#### Data records:
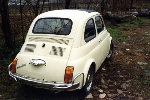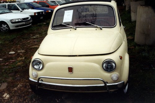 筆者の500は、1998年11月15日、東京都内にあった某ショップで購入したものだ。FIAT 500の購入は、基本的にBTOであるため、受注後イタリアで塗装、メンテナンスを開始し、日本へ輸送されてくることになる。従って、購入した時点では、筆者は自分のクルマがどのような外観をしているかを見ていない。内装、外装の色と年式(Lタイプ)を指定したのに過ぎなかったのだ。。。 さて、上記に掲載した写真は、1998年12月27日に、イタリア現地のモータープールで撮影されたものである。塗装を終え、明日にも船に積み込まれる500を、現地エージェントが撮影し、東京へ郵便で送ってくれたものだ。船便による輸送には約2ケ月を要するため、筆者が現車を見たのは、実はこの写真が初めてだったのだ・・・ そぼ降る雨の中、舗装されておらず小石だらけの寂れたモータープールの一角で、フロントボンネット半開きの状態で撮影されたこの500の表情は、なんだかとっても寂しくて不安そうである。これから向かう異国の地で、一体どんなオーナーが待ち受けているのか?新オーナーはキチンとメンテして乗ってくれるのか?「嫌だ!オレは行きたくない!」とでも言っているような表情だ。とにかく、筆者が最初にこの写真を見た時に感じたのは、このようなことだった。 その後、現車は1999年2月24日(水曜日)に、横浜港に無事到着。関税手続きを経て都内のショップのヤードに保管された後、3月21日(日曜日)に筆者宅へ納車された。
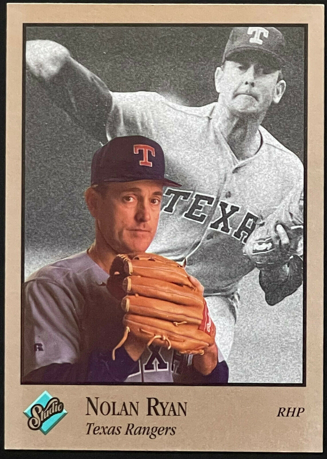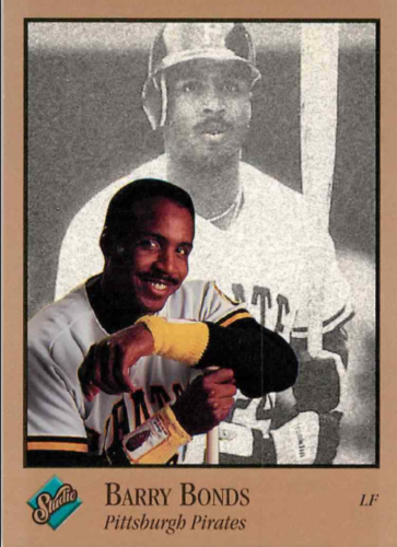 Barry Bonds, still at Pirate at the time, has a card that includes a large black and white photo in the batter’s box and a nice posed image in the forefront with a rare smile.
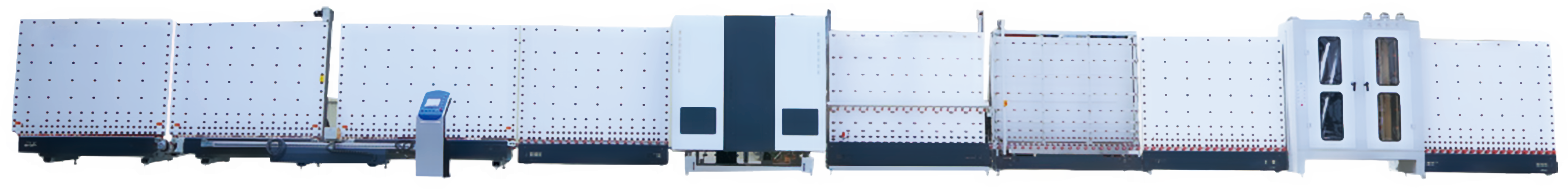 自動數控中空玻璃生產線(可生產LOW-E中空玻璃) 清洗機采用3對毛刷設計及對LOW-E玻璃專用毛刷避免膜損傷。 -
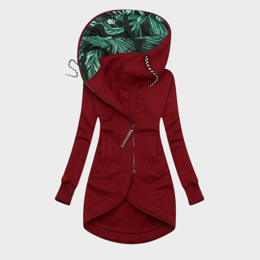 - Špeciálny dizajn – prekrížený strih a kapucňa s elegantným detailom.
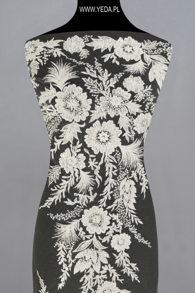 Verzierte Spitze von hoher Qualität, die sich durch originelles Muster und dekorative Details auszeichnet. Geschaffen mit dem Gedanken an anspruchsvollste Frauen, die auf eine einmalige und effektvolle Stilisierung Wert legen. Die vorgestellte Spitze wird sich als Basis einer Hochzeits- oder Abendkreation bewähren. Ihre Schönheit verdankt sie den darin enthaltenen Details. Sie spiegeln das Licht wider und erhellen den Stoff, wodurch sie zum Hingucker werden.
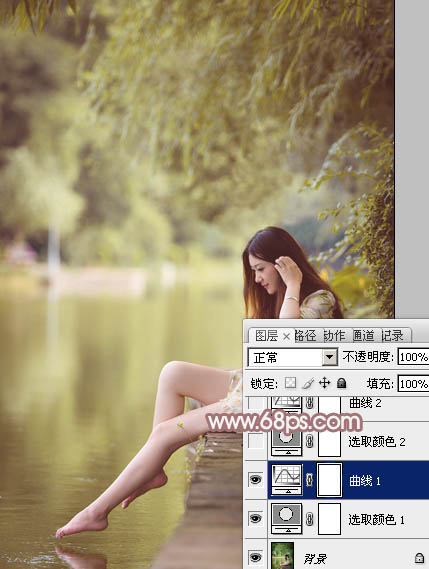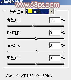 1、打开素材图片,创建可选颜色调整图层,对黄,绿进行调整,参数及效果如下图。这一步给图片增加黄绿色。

#### Task prompt:
The first line of the listing through the line with "Verzierte Spitze von": repeat exactly that span and nothing more, skipping pictures.

#### Problem solution:
 筆者の500は、1998年11月15日、東京都内にあった某ショップで購入したものだ。FIAT 500の購入は、基本的にBTOであるため、受注後イタリアで塗装、メンテナンスを開始し、日本へ輸送されてくることになる。従って、購入した時点では、筆者は自分のクルマがどのような外観をしているかを見ていない。内装、外装の色と年式(Lタイプ)を指定したのに過ぎなかったのだ。。。 さて、上記に掲載した写真は、1998年12月27日に、イタリア現地のモータープールで撮影されたものである。塗装を終え、明日にも船に積み込まれる500を、現地エージェントが撮影し、東京へ郵便で送ってくれたものだ。船便による輸送には約2ケ月を要するため、筆者が現車を見たのは、実はこの写真が初めてだったのだ・・・ そぼ降る雨の中、舗装されておらず小石だらけの寂れたモータープールの一角で、フロントボンネット半開きの状態で撮影されたこの500の表情は、なんだかとっても寂しくて不安そうである。これから向かう異国の地で、一体どんなオーナーが待ち受けているのか?新オーナーはキチンとメンテして乗ってくれるのか?「嫌だ!オレは行きたくない!」とでも言っているような表情だ。とにかく、筆者が最初にこの写真を見た時に感じたのは、このようなことだった。 その後、現車は1999年2月24日(水曜日)に、横浜港に無事到着。関税手続きを経て都内のショップのヤードに保管された後、3月21日(日曜日)に筆者宅へ納車された。
 Barry Bonds, still at Pirate at the time, has a card that includes a large black and white photo in the batter’s box and a nice posed image in the forefront with a rare smile.
 自動數控中空玻璃生產線(可生產LOW-E中空玻璃) 清洗機采用3對毛刷設計及對LOW-E玻璃專用毛刷避免膜損傷。 -
 - Špeciálny dizajn – prekrížený strih a kapucňa s elegantným detailom.
 Verzierte Spitze von hoher Qualität, die sich durch originelles Muster und dekorative Details auszeichnet. Geschaffen mit dem Gedanken an anspruchsvollste Frauen, die auf eine einmalige und effektvolle Stilisierung Wert legen. Die vorgestellte Spitze wird sich als Basis einer Hochzeits- oder Abendkreation bewähren. Ihre Schönheit verdankt sie den darin enthaltenen Details. Sie spiegeln das Licht wider und erhellen den Stoff, wodurch sie zum Hingucker werden.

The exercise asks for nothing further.